Edmund H. Oliver  (1882–1935) was a Canadian Presbyterian and United Church of Canada minister, chaplain and educator. He played an integral role in the founding of St. Andrew's College, Saskatoon in 1912 – then known as the Presbyterian Theological College – and served as its first president. He was elected to the position of Moderator of the United Church of Canada by the 4th General Council at their meeting in London, Ontario in 1930.

Life
Born in Eberts, Kent County, Ontario in 1882, Oliver received his Bachelor of Arts from the University of Toronto in 1902. He went on to earn an M.A. the following year, before finally graduating with a Ph.D. in 1905. He moved to Saskatoon, Saskatchewan upon the request of Dr. Walter Murray and helped establish the University of Saskatchewan and, a few years later, the Presbyterian Theological College. Oliver returned to Toronto in 1910 to earn a Doctor of Divinity degree before returning to teach history at the newly founded University of Saskatchewan. He was appointed in 1913 by the Presbyterian General Assembly of Canada to serve as the first president of The Presbyterian Theological College. Oliver was deeply committed to the integration of theological education into the broader academic environment and post-secondary community. Under his leadership, the new college began plans to build and move into a new location right on the campus of the University of Saskatchewan.

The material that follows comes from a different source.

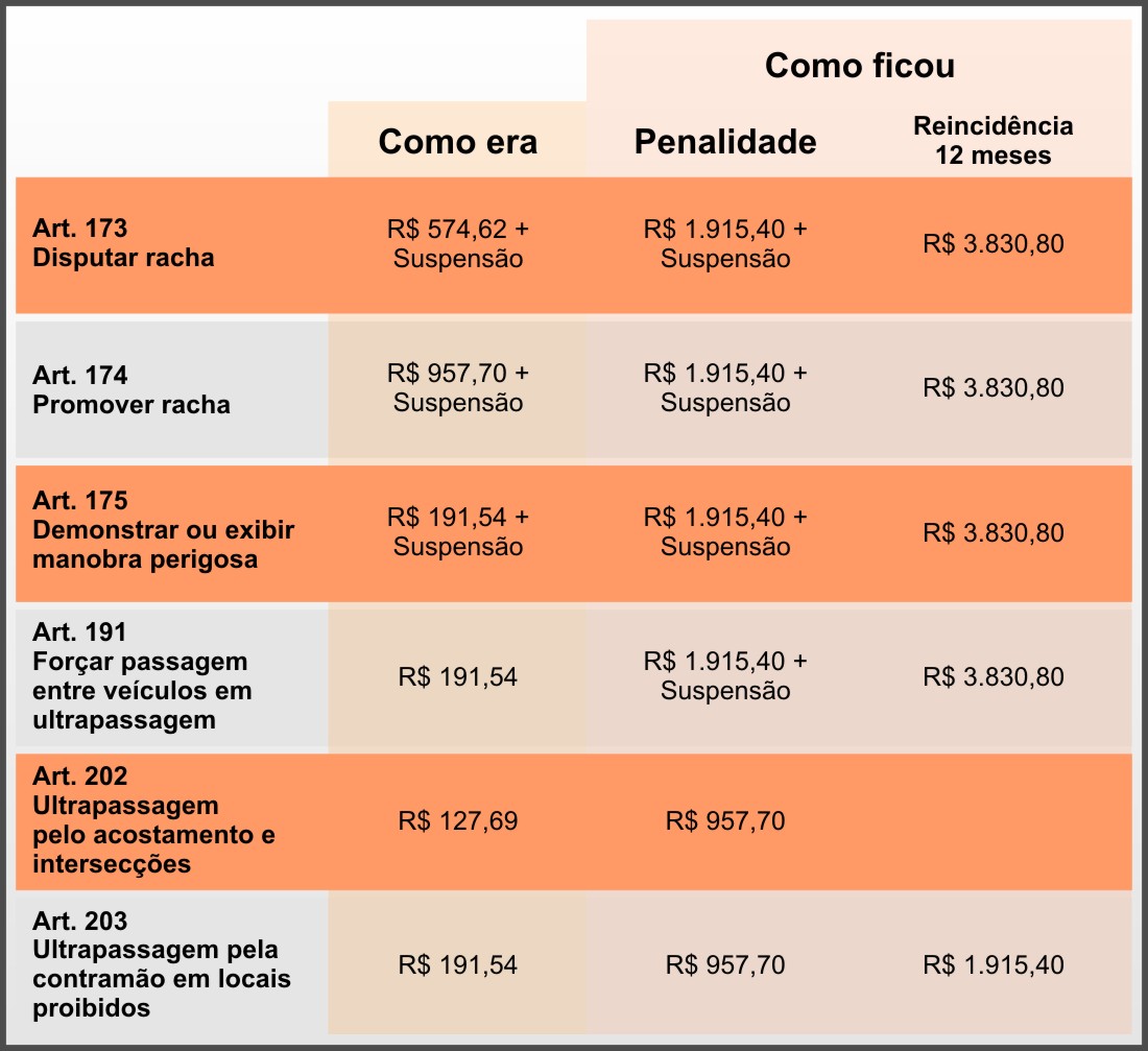 As condutas previstas nos artigos 173 (disputar racha), 174 (participar de racha) e 175 (demonstrar ou exibir manobra perigosa) do CTB passam a ser infração gravíssima, e a multa terá fator multiplicador de 10, ou seja, 10 vezes o valor da infração gravíssima, que é de R$191,54. A penalidade para essas três condutas passa a ser de R$1.915,40, além da já prevista suspensão do direito de dirigir. A reincidência também passa a ser punida com maior rigor, chegando a R$ 3.830,80, se a mesma infração for cometida no período de 12 meses.

At the outbreak of the First World War, Oliver enlisted as a military chaplain. Stationed mainly in France, he continued to be a proponent of education, establishing reading rooms for soldiers who were on leave and riding his bicycle out to the front lines in order to provide books and classes to the infantry. Oliver believed that this would allow those who survived to return to Canada and be leaders in their communities and society.

After the war, Oliver continued his work in theological education and became involved in the church union debates between the Presbyterian, Methodist and Congregational churches which would lead to the formation of the United Church of Canada in 1925. He was greatly influenced by the social gospel movement and served on two Royal Commissions: one to establish farming co-operatives and credit systems, and the other to create a liquor control board. He was named a fellow of the Royal Society of Canada in 1921.

Oliver saw his life work as one of service on the new frontiers of Canada, and during his time as Moderator of the United Church from 1930 to 1932, he lived into that, travelling across the country during The Great Depression urging people to donate clothing and food to those who needed it.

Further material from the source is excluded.